#### What the task requires
Transcribe the listing verbatim, please, with images dropped.

#### The data

-=-=-=-=-

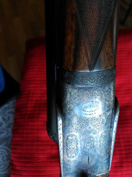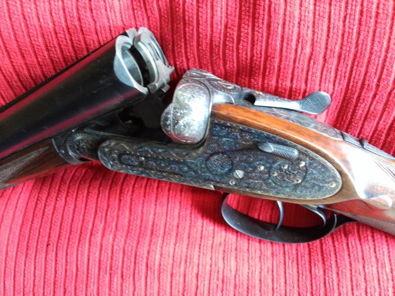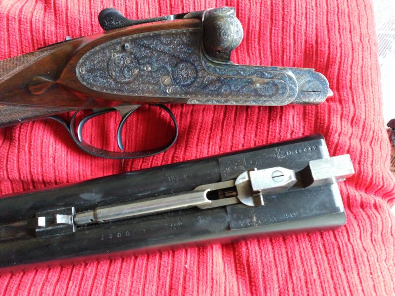 Normalmente las modelo 56 se hacían para pichón , pero ésta es de unas series que encargó la casa Purdey específicamente para caza . Culata inglesa, cañón de 71 cm, 3 y 1 estrellas y acero Boehler Antinit, no el Bellota o Cromo Niquel y apertura automática.
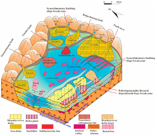 Faulted troughs are the most common type of basin margin valleys [55]. They form either as intersecting structures between two sag-controlling faults with differing strike directions or as grabens created by faults oblique to the sag-controlling faults [56]. These troughs serve as both the entry points for the sag basin’s water system into the lake and the primary zones for developing various sandstone-conglomerate fans.
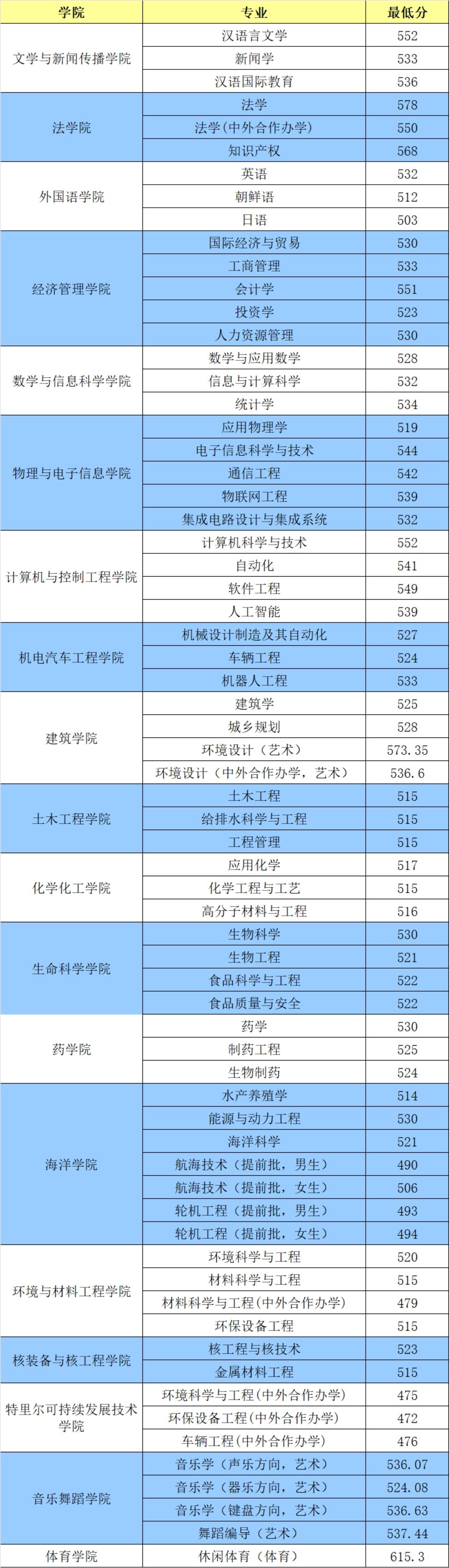 约4万名(577分)以上把握较大的,如法学类专业。约7万名(555分)以上把握较大的,如中国语言文学类、工商管理类、计算机类、电子信息类专业。约8万名(545分)以上把握较大的,如自动化类、数学和统计类、经济贸易类专业。约10万名(535分)以上把握较大的,如生物类,药学类、机械类、建筑类、能源和核工程类,以及不限科目要求的其它专业。约11万名(530分)以上把握较大的,如食品类、海洋类、环境类、材料类、化学化工类等专业。约12-13万名以上,其它普通类专业希望比较大。
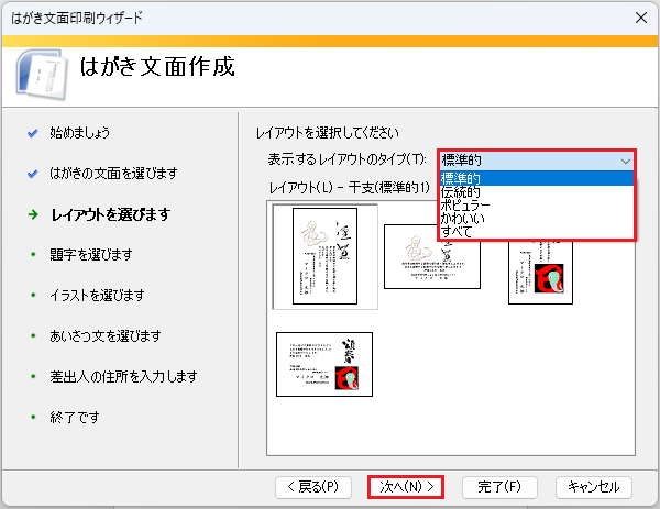🥉手順②:『はがきの文面を選びます』では【年賀状】を選択して【次へ】を選択します。

-=-=-=-=-

#### Result
 Normalmente las modelo 56 se hacían para pichón , pero ésta es de unas series que encargó la casa Purdey específicamente para caza . Culata inglesa, cañón de 71 cm, 3 y 1 estrellas y acero Boehler Antinit, no el Bellota o Cromo Niquel y apertura automática.
 Faulted troughs are the most common type of basin margin valleys [55]. They form either as intersecting structures between two sag-controlling faults with differing strike directions or as grabens created by faults oblique to the sag-controlling faults [56]. These troughs serve as both the entry points for the sag basin’s water system into the lake and the primary zones for developing various sandstone-conglomerate fans.
 约4万名(577分)以上把握较大的,如法学类专业。约7万名(555分)以上把握较大的,如中国语言文学类、工商管理类、计算机类、电子信息类专业。约8万名(545分)以上把握较大的,如自动化类、数学和统计类、经济贸易类专业。约10万名(535分)以上把握较大的,如生物类,药学类、机械类、建筑类、能源和核工程类,以及不限科目要求的其它专业。约11万名(530分)以上把握较大的,如食品类、海洋类、环境类、材料类、化学化工类等专业。约12-13万名以上,其它普通类专业希望比较大。
🥉手順②:『はがきの文面を選びます』では【年賀状】を選択して【次へ】を選択します。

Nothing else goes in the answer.